On Sunday, Timothy Geithner said that the Republicans would ultimately agree to raise tax rates on the rich to avert a fiscal crisis. 
Markets have been jittery amid negotiations between Democrats and Republicans to avoid a set of spending cuts and tax increases due to come into effect on January 1 if U.S. lawmakers cannot reach an agreement on reducing the budget deficit. 
News Corp surged 1.06% amid reports it is preparing to name Robert Thomson, a close confidant of Chairman and CEO Rupert Murdoch, to lead its new publishing company by the end of next week. 
Financial stocks were also broadly higher, as shares in JP Morgan added 0.24% and Citigroup rose 0.20%, while Bank of America and Goldman Sachs climbed 0.71% and 1.23% respectively. 

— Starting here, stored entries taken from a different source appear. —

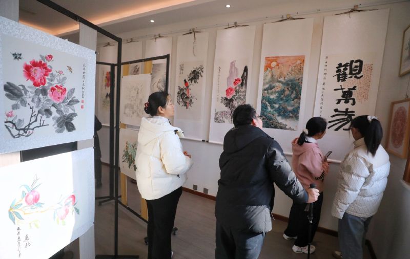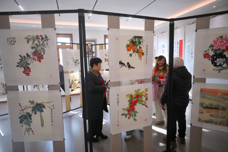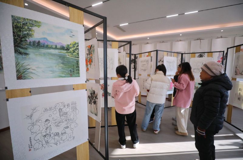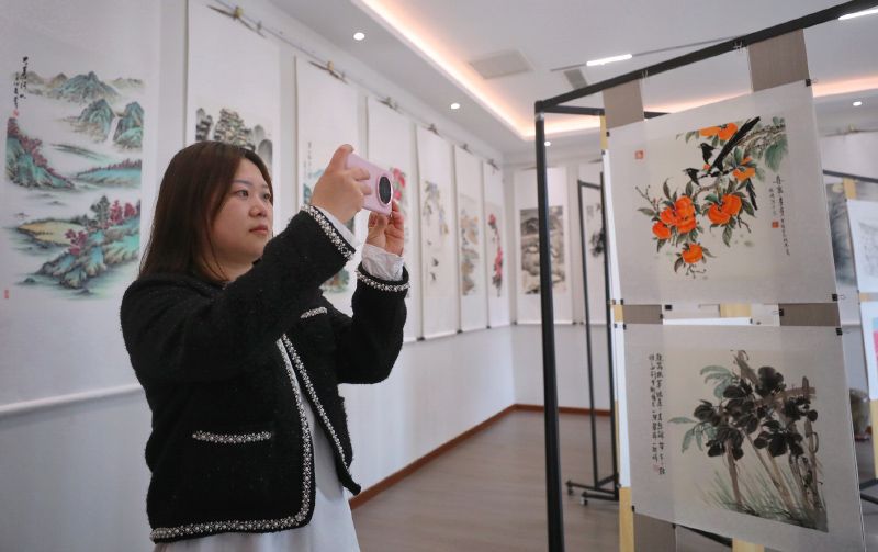 观众参观展览。本届书画展特邀一众书画名家深入乡村,聚焦乡村风貌、创新业态、环境治理、非遗民俗等进行采风创作,艺术家们以笔为媒、以墨传情,将美好乡村的蝶变与发展通过细腻笔触与独特视角,生动鲜活地呈现在一幅幅佳作之中。
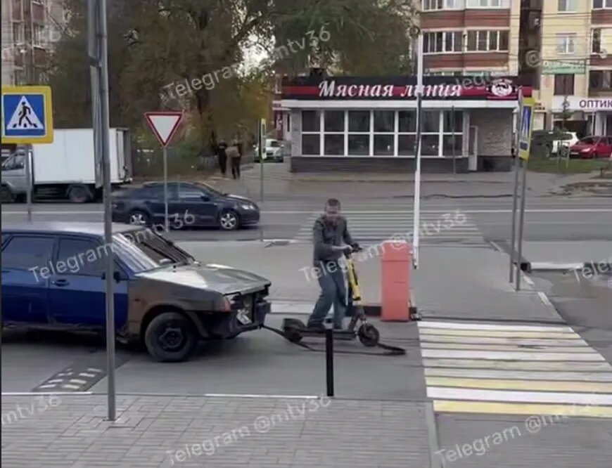 Взять на буксир заглохшую «девятку» попытался водитель электросамоката. Правда, у отчаянного парня ничего не получилось. Мощностей не хватило.
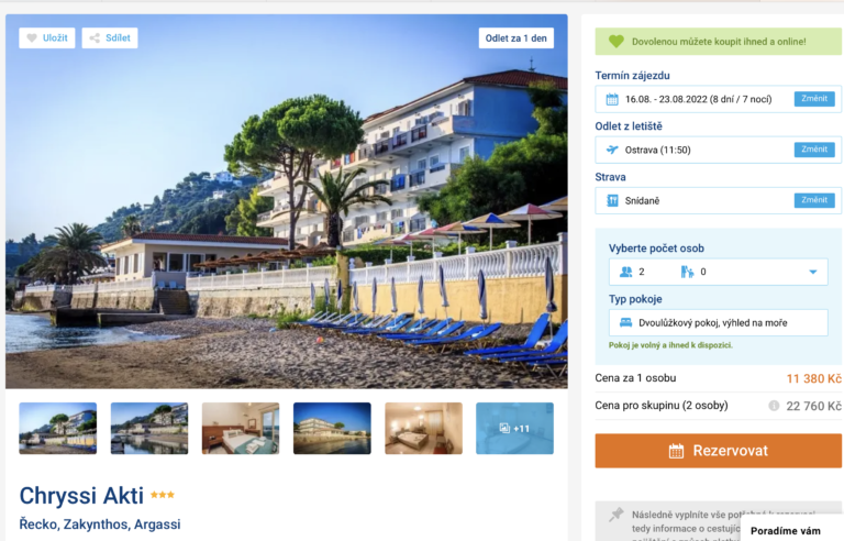 Plánujete letošní dovolenou strávit na řeckých ostrovech a letiště v Ostravě nemáte daleko? Zájezd na Zakynthos můžete aktuálně pořídit za cenu 11 380 Kč. V této ceně jsou zahrnuty letenky (odlet z Ostravy), letištní transfery v místě, ubytování na 8 dní, snídaně a služby delegáta. Výborně hodnocený hotel se nachází nedaleko centra letoviska, přímo u písečné pláže. Před odletem se nezapomeňte inspirovat v našem online průvodci ostrovem Zakynthos, ve kterém najdete tipy na výlety a informace o ostrově.
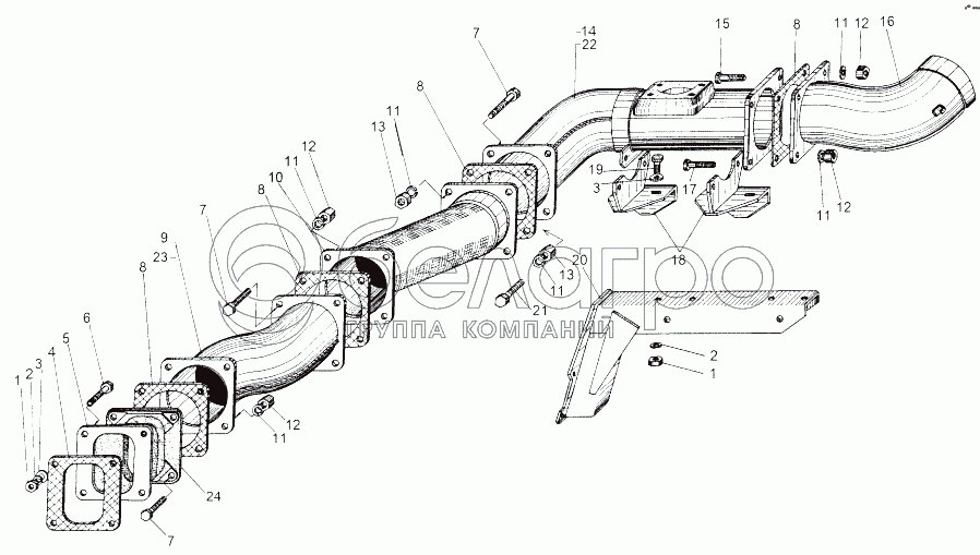 Каталог запасных частей к технике: МАЗ-543 (7310). Установка выхлопных труб 543 М
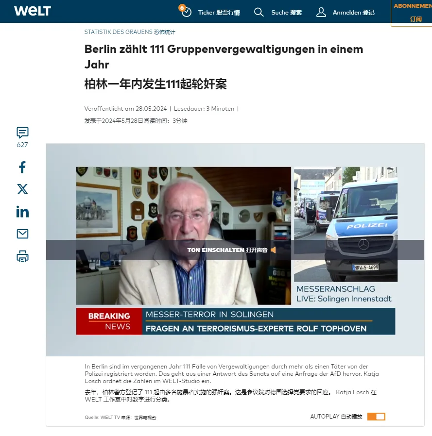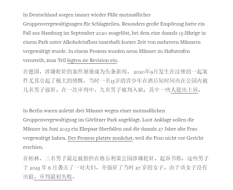 “同樣還是在柏林,3名男子去年曾被指控在柏林的格爾利策公園涉嫌輪姦一名年輕27歲的年輕女子。起訴書上説,這些嫌犯於 2023 年 6 月在公園裏襲擊了一對夫婦,對女子實施了性侵。由於受害人沒有出庭,所以針對這3名嫌犯的審判以失敗而告終。”

Separately, Bank of America was said to be holding off on plans for new checking-account fees that could have affected some 10 million customers by year's end, avoiding a possible repeat of last year's protests over consumer banking fees. 
Airline companies were also in focus, after Singapore Airlines said it was in talks with interested parties, including Delta Airlines, to sell its 49% stake in British carrier Virgin Atlantic. The news sent shares in Delta Airlines down 0.50% 
Boeing added to losses, falling 0.31%, after the company and the union that represents its 23,000 engineers tentatively agreed to resume labor talks on Tuesday, after their negotiations on a new contract ended abruptly on Thursday. 
Elsewhere, Martin Marietta Materials dipped 0.03%, as it was expected to make a friendly offer to buy rival Vulcan Materials, rather than attempt another hostile takeover, according to the Wall Street Journal. 
At the close of European trade, the EURO STOXX 50 added 0.28%, France’s CAC 40  eased higher by 0.26%, while Germany’s DAX 30 climbed 0.40%. 
Investors are awaiting the Canadian interest rate decision and the Australian GDP on Tuesday.